## Required work
Repeat, line for line, only the span that opens at the "Вышивать удобнее от" line and closes at the final line below. Skip the pictures.

## Records for this task

- - - - - - -

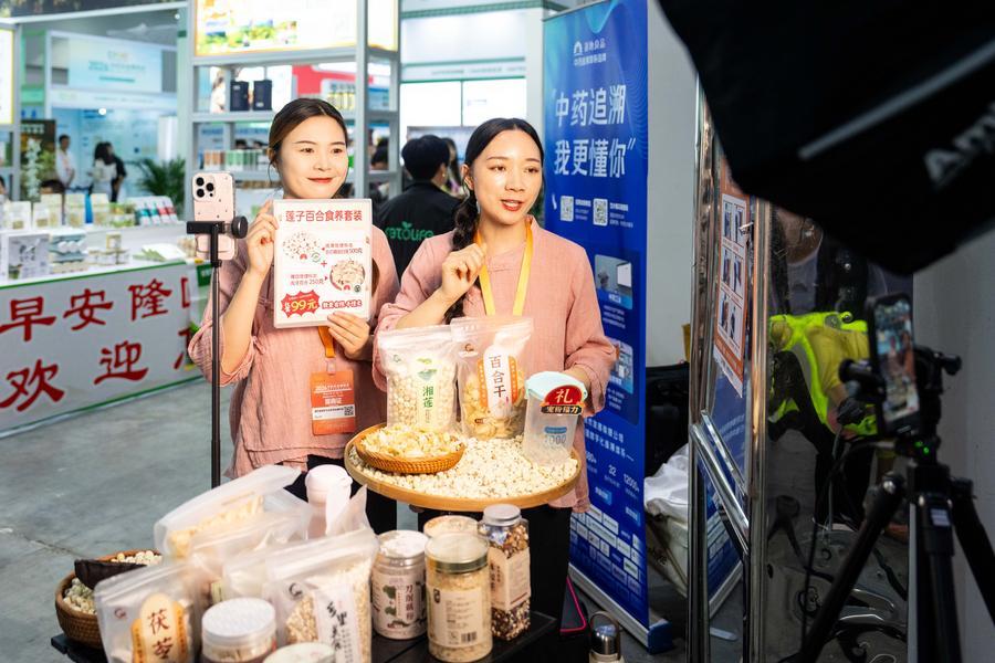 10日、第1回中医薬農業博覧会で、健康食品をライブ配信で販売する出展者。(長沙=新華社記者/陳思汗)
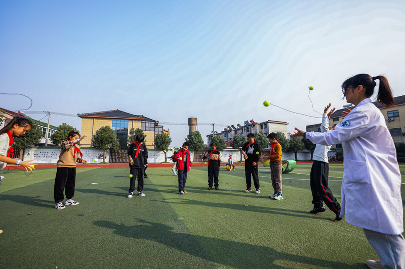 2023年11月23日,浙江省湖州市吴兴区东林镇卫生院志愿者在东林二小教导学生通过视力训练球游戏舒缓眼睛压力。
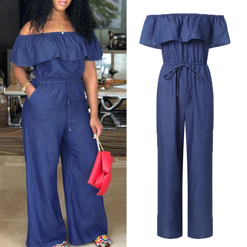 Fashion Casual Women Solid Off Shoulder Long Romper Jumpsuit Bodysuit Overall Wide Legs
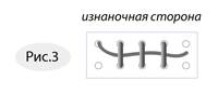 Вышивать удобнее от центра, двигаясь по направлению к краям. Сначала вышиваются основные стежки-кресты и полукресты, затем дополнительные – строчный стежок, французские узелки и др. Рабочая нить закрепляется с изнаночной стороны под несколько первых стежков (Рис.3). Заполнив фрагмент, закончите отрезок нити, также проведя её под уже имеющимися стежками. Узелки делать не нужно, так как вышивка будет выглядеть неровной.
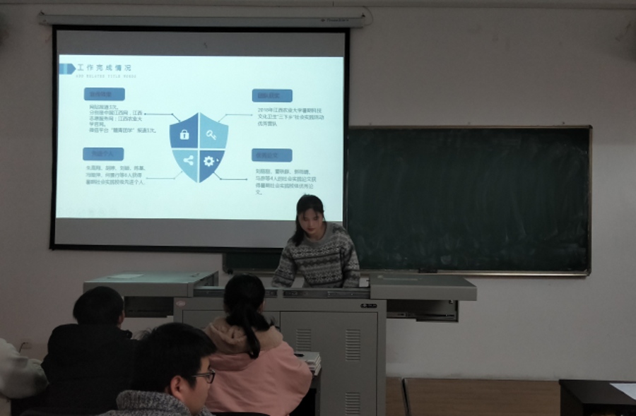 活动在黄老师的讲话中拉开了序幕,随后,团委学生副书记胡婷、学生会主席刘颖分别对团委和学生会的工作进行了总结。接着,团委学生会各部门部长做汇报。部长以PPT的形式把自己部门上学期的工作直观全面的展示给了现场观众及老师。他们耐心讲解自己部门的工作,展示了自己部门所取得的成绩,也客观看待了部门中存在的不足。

- - - - - - -

## Written response
 Вышивать удобнее от центра, двигаясь по направлению к краям. Сначала вышиваются основные стежки-кресты и полукресты, затем дополнительные – строчный стежок, французские узелки и др. Рабочая нить закрепляется с изнаночной стороны под несколько первых стежков (Рис.3). Заполнив фрагмент, закончите отрезок нити, также проведя её под уже имеющимися стежками. Узелки делать не нужно, так как вышивка будет выглядеть неровной.
 活动在黄老师的讲话中拉开了序幕,随后,团委学生副书记胡婷、学生会主席刘颖分别对团委和学生会的工作进行了总结。接着,团委学生会各部门部长做汇报。部长以PPT的形式把自己部门上学期的工作直观全面的展示给了现场观众及老师。他们耐心讲解自己部门的工作,展示了自己部门所取得的成绩,也客观看待了部门中存在的不足。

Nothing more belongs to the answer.